[[ Source data, beginning ]]
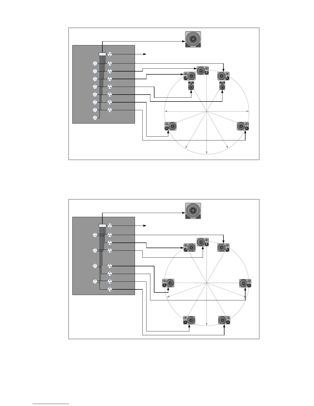 Bass Array™, il faut configurer les caissons comme illustré ci-dessous. Vous pouvez utiliser des cartes d’entrée
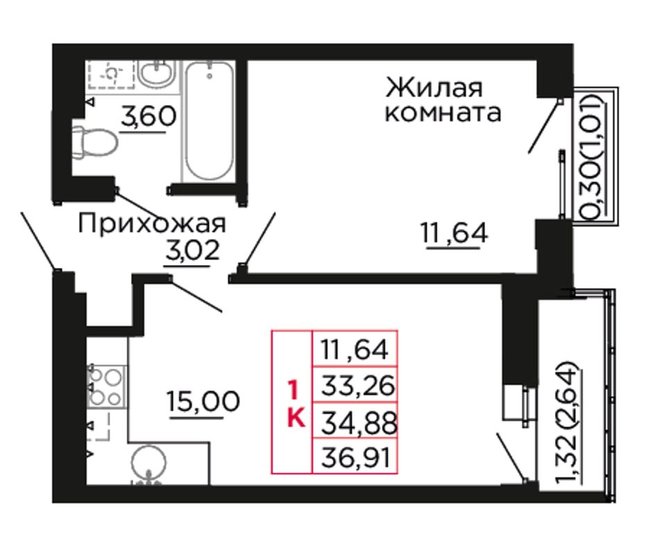 1-комнатная — 35,3 м² 6/9 эт. в Вишнёвый сад
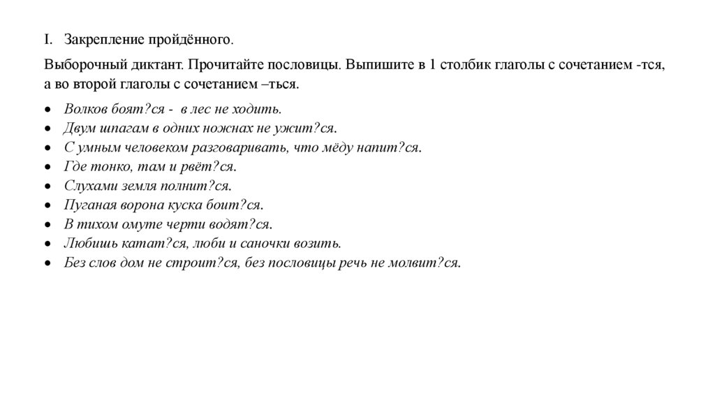I. Закрепление пройдённого.Выборочный диктант. Прочитайте пословицы. Выпишите в 1 столбик глаголы с сочетанием -тся,
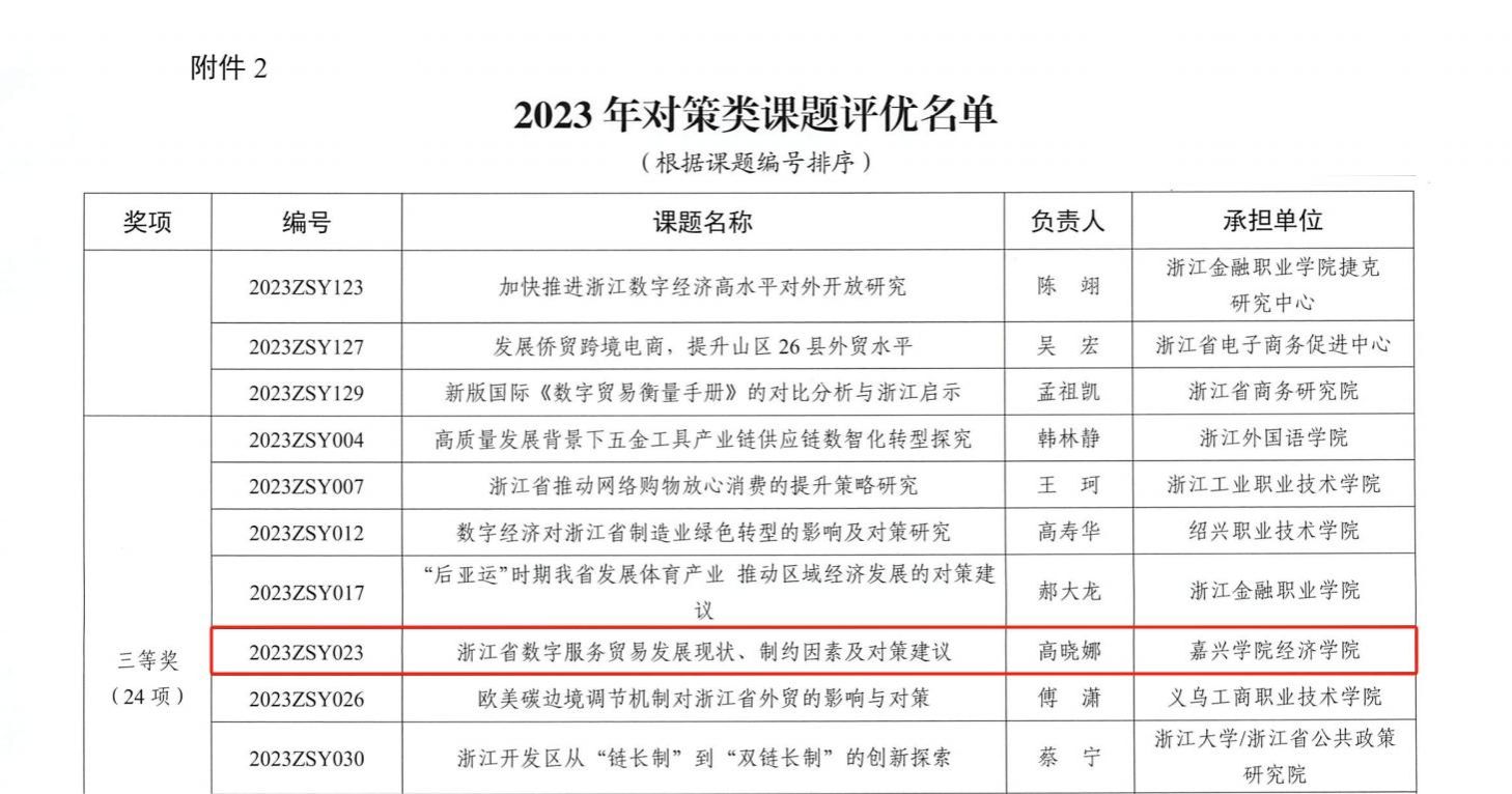我院教师在浙江省商务厅2023年度对策类课题及国际贸易研究优秀成果评选中荣获佳绩
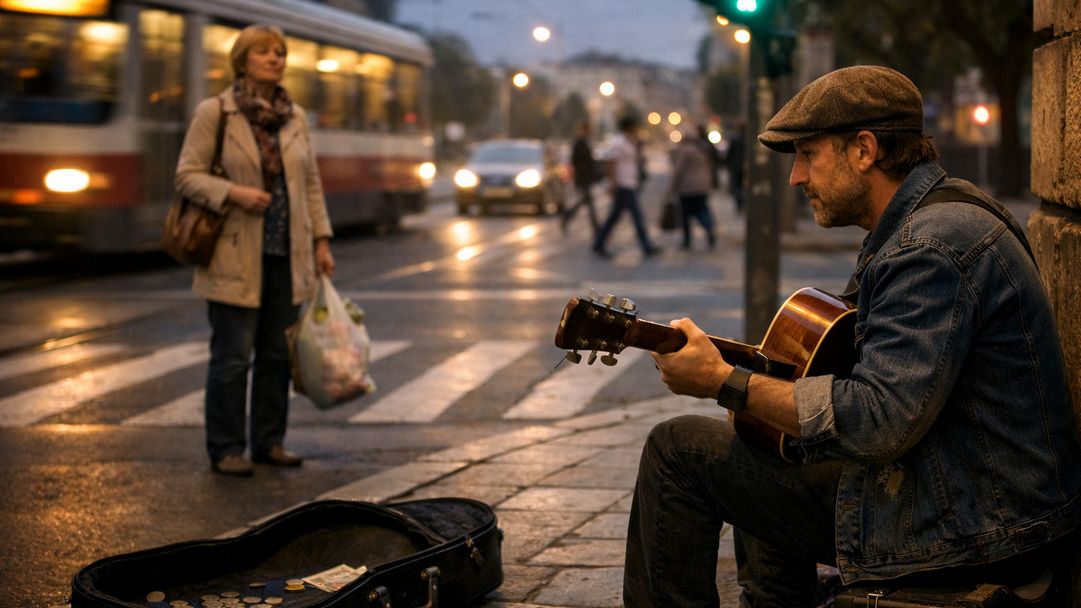 Na rohu ulice, kde se tramvaje otíraly o ticho podvečera, stál muž s kytarou. Neměl kolem sebe dav, jen otevřený futrál a pár mincí, které cinkly pokaždé, když kolem někdo zpomalil krok. Hrál spíš pro vzduch než pro lidi.
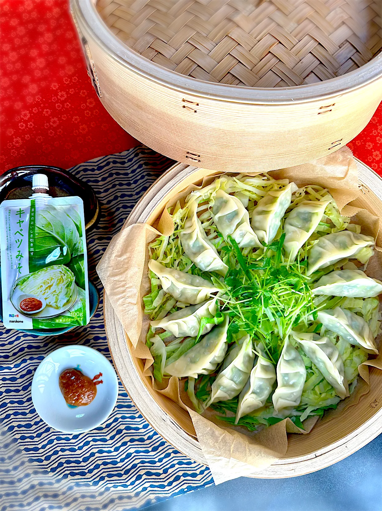 寒くなってきたので、粗い千切キャベツの温野菜&蒸し餃子で。
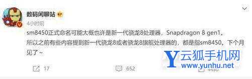 11月15日 高通新一代旗舰移动平台普遍被外界称为骁龙898,代号为sm8450。但据微博博主@数码闲聊站爆料,sm8450的正式命名可能会是“骁龙8 gen1”。
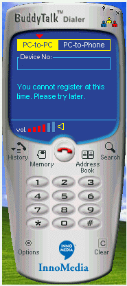 。ㄈ鐖D3),這個就是BuddyTalk的軟件界面。這象不象一個手機?上面的藍色部分是液晶屏。你可以選擇pc-to-pc或者pc-to-phone,下面是用來輸入電話號碼的一個空框,空框下面的部分是軟件顯示提示信息的,再下面是音量大小的顯示器。液晶屏的下面部分跟手機幾乎一樣,其中一個“search”,這是用來上網(wǎng)實現(xiàn)全球用戶數(shù)據(jù)庫搜索,一個“options”,各種設置可以在這里完成,“Memory”記錄的是你通話信息,以利快速撥號。
[[ Source data, end ]]
* Goal of the exercise
Omitting all pictures, restate word for word the lines from the one containing "寒くなってきたので、粗い千切キャベツの温野菜&蒸し餃子で。" through the last line of the data.

* Answer section
 寒くなってきたので、粗い千切キャベツの温野菜&蒸し餃子で。
 11月15日 高通新一代旗舰移动平台普遍被外界称为骁龙898,代号为sm8450。但据微博博主@数码闲聊站爆料,sm8450的正式命名可能会是“骁龙8 gen1”。
 。ㄈ鐖D3),這個就是BuddyTalk的軟件界面。這象不象一個手機?上面的藍色部分是液晶屏。你可以選擇pc-to-pc或者pc-to-phone,下面是用來輸入電話號碼的一個空框,空框下面的部分是軟件顯示提示信息的,再下面是音量大小的顯示器。液晶屏的下面部分跟手機幾乎一樣,其中一個“search”,這是用來上網(wǎng)實現(xiàn)全球用戶數(shù)據(jù)庫搜索,一個“options”,各種設置可以在這里完成,“Memory”記錄的是你通話信息,以利快速撥號。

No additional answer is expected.